Aakon requested that the High Court enforce this decision, which the High Court did (First Order), on the basis that it agreed with the adjudicator’s decision that the ‘true value’ of the payment could not be determined until the original amount was paid to Aakon.

There then followed a second adjudication, which decided what the ‘true value’ of the claim was. On that occasion, the High Court was asked to look at the First Order, to consider whether the debt owed to Aakon should be amended to reflect the ‘true value’ decided in the second adjudication.

The High Court did not favour Pure Fitout’s argument that the first adjudication was no longer binding by virtue of the decision in the second adjudication. The First Order could only be superseded by an arbitrator or court. Therefore, the High Court made an order of the same value as in the First Order.


Whilst these cases were brought in Ireland, they are persuasive in the English and Welsh courts.

The Aakon decisions reinforce the policy that, in the absence of pay less notices, employers are required to pay contractors and consultants what they have claimed. Only after they have paid will employers be entitled to any re-payment based on the ‘true value’ of the claim determined in any separate adjudication. This endorses the approach taken in the case of S&T (UK) Limited v Grove Developments Ltd [2018] EWCA Civ 2448.

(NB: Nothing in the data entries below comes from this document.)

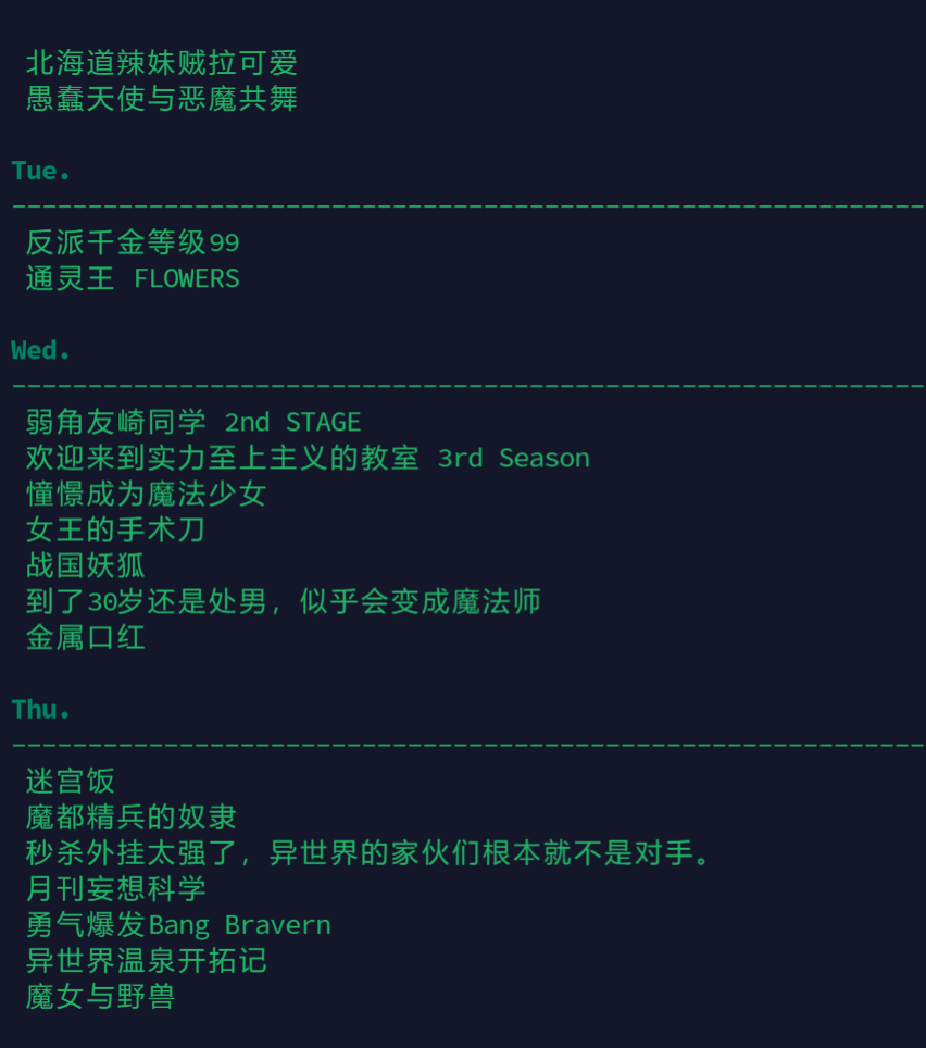 比如夜梦想要查看现在正在更新的番剧,那么就运行:
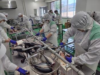 | サバを缶の高さに合わせてカットします | サバを計量して缶に詰めます |
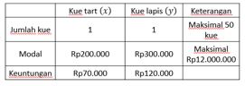 Kemudian, banyak kue tart ( x) dan banyak kue lapis ( y) tidak mungkin negatif dan tidak mungkin berbentuk pecahan sehingga kita peroleh
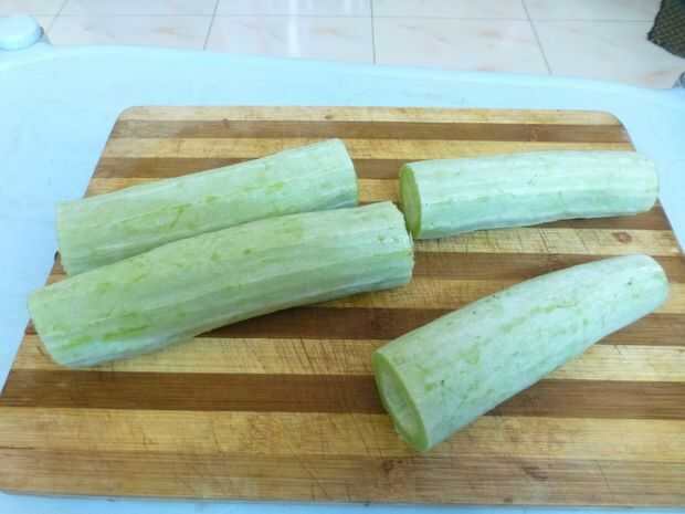 Es muy difícil trabajar con gran tamaño verduras como calabaza, calabaza de botella y calabaza de la serpiente. Cortarlas en trozos más pequeños realizables para que pelar, quitar las semillas y corte se convierte en fácil. Utilizamos un cuchillo tamaño grande para rebanar verduras grandes como calabaza y calabaza de botella. Cortar una larga calabaza de la serpiente de seis pulgadas piezas es muy fácil de limpiar y picar.
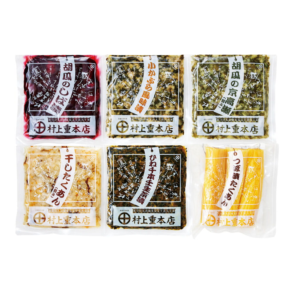 歯ごたえのよい胡瓜を漬けた人気の「胡瓜のしば漬」など、それぞれの野菜の持ち味をいかした漬物6種の詰め合わせです。
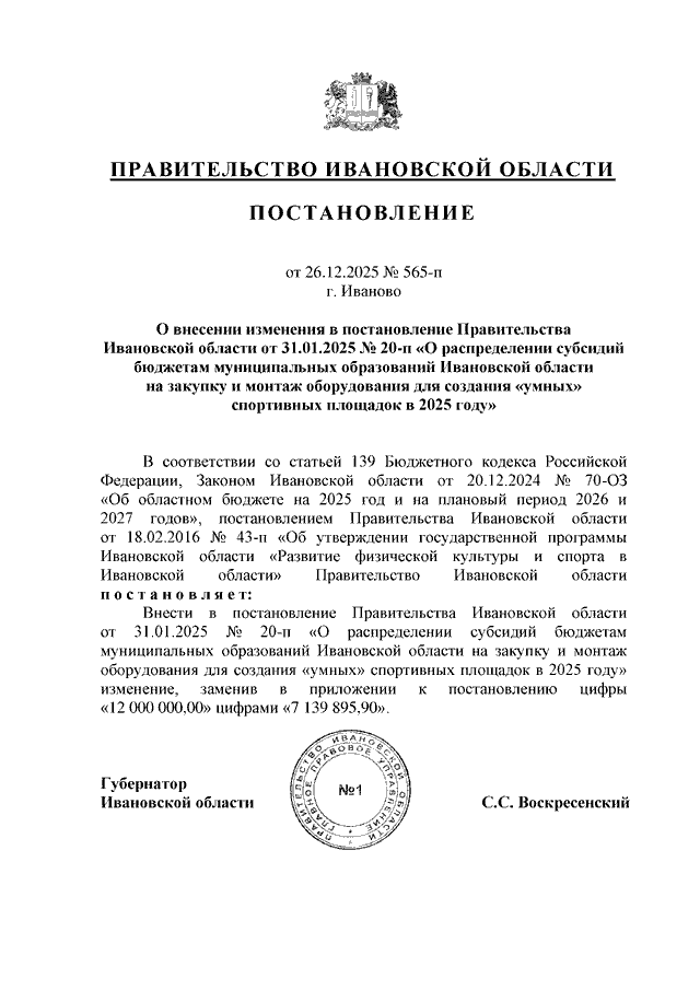 Постановление Правительства Ивановской области от 26.12.2025 N 565-п "О внесении изменения в постановление Правительства Ивановской области от 31.01.2025 N 20-п "О распределении субсидий бюджетам муниципальных образований Ивановской области на закупку и монтаж оборудования для создания "умных" спортивных площадок в 2025 году"
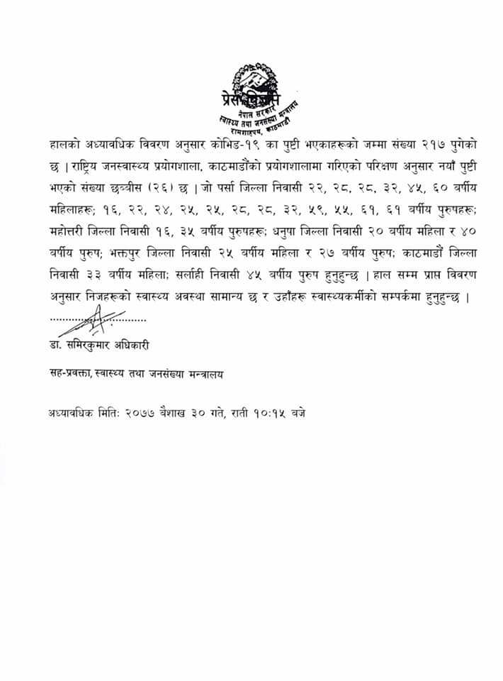 नेपालमा कोरोना संक्रमितको संख्या २ सय १७ पुगेको स्वास्थ्य मन्त्रालयले जनाएको छ। मंगलबार मात्रै ८३ संक्रमण पुष्टि भएको छ ।
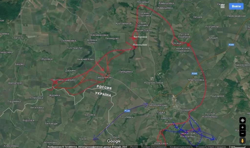 В то же время авиация и артиллерия атаковали живую силу и технику противника в районах населенных пунктов Викторовка, 1-й Княжий, Колмаков, Косица, Кругленькое, Локня, Махновка, Мирный, Николаевка, Новая Сорочина, Черкасское Поречное. Также нанесены удары по позициям ВСУ в шести населенных пунктах Сумской области Украины.
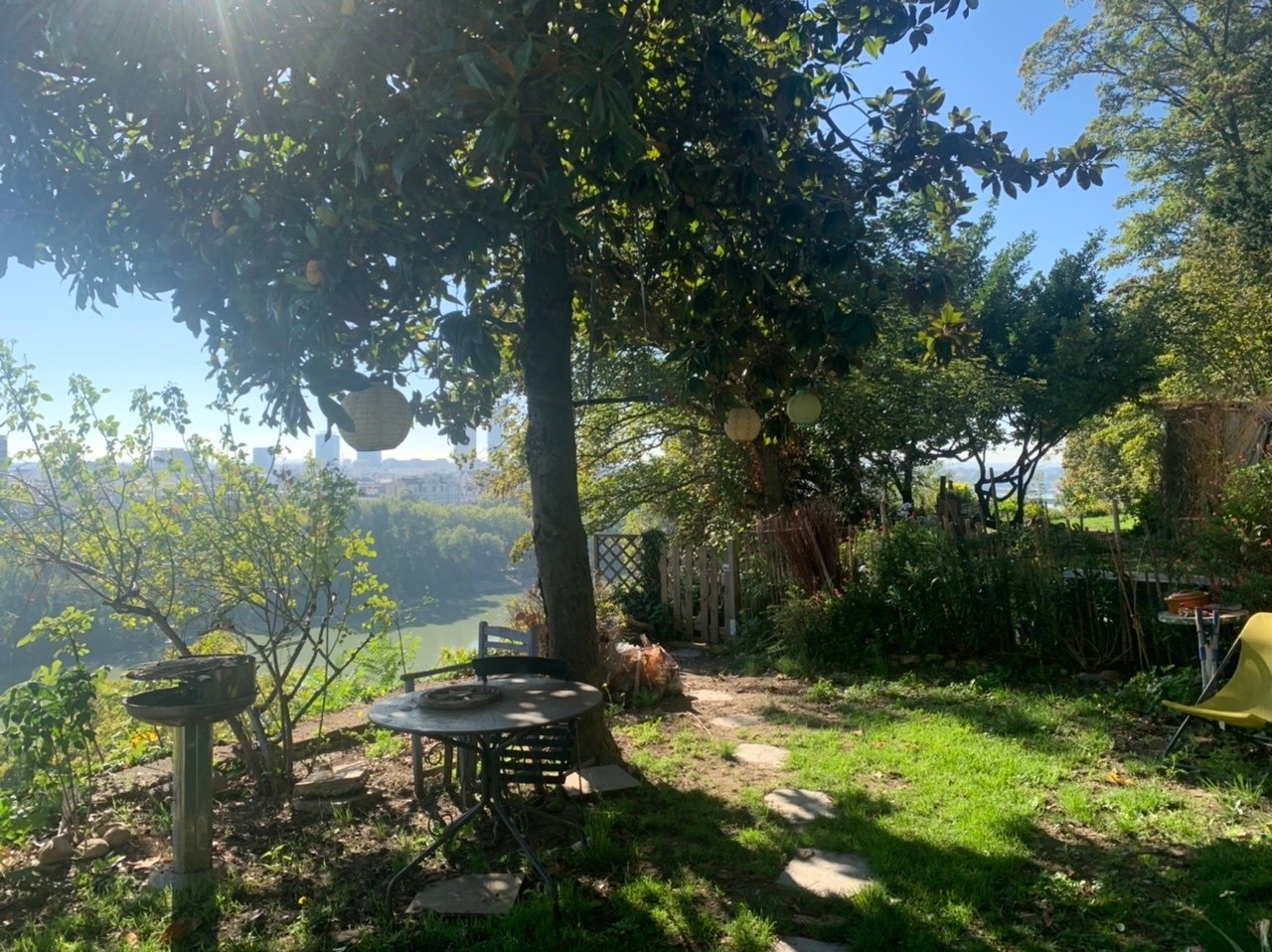 Jardin attenant avec vue panoramique sur fleuve.
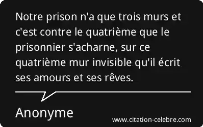 Notre prison n'a que trois murs et c'est contre le quatrième que le prisonnier s'acharne, sur ce quatrième mur invisible qu'il écrit ses amours et ses rêves.
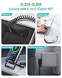 【90 Degree USB C Spiral Cable】The 60W Coiled USB C to USB C cable is specially designed for use in cars. The Tesla Model Y features a large storage compartment in the center console, which also houses two USB-C ports. With the angled connector, you can fully utilize the storage compartment without worrying about damaging the plugs or ports. 【Coiled USB C Cable for Tight Spaces】The Right Angle USB-C plugs make it easier to connect to devices in tight spaces, such as next to sofas or desks. You don’t have to worry about the plug breaking. It can also be used on phone stands for charging, extending the cable's lifespan. 【USB C Charging Cable for Rear Car Vents】This USB C Cable fast charging can be connected to the rear vents of your car, making it ideal for charging devices in the back seat. Thanks to its coiled design, you don’t have to worry about the connector breaking, and it won’t tangle while saving space. 【1FT-2.6FT Android Auto USB Cable】The Android Auto USB C Cable has a natural length of 1FT and a maximum stretched length of 2.6FTM.The Coiled USB Type C cable is convenient for charging your devices in tight spaces, in the car and when travelling. Do not stretch to the limit !!!!! 【60W Fast Charge & Data Transfer】 Coiled USB C Cable Right Angle supports fast charge and high data transfer, max power is 60W, speed of data transfer up to 480Mbps. Please note that this is a USB C to USB C charging cable, please pay attention to your device interface. Compatible with Android Auto/Carplay, USB-C devices such as mobile phones, tablets and computers. 【What You Get】 You will receive 2 pieces 1FT-2.6FT 90 Degree USB C to USB C cable , please feel free to contact us if you have any questions. You are also welcome to make suggestions for the improvement of our products.
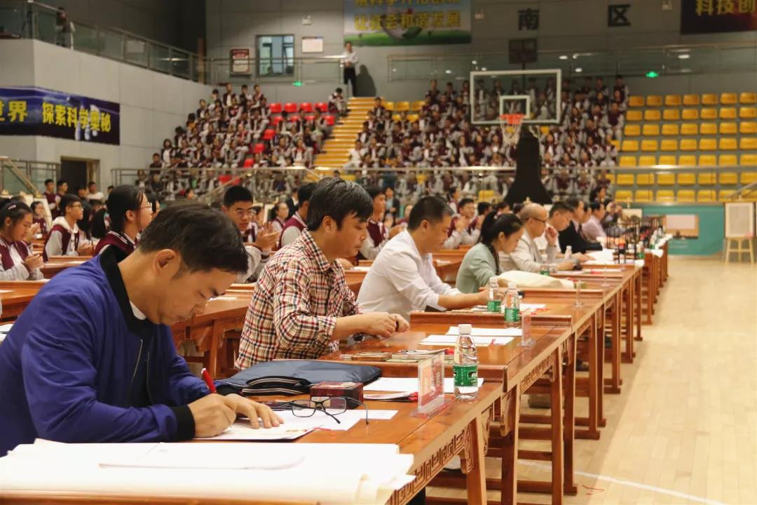 一進(jìn)入健行館,一股書香氣息便迎面撲來——只見偌大的館內(nèi),規(guī)規(guī)整整地擺放著一列列古色古香的桌椅,上面都工工整整擺放著文房四寶——筆、墨、紙、硯。是的,體育館似乎不再是體育館了,而是一座具有深厚人文底蘊(yùn)的書房。

The decisions highlight the importance that the paying party under a building contract or subcontract should serve a timely and valid pay less notice if they feel that the payee is not entitled to the amount claimed in the payment notice. Failure to do so could result in an unfavourable adjudication where the payer must pay the full amount claimed in the payment notice before the payer can refer to a second adjudication to evaluate the payee’s true entitlement.

To find out more about how our construction team can help you, please contact Lucilla Waugh on 0191 211 7984 or e-mail [email protected]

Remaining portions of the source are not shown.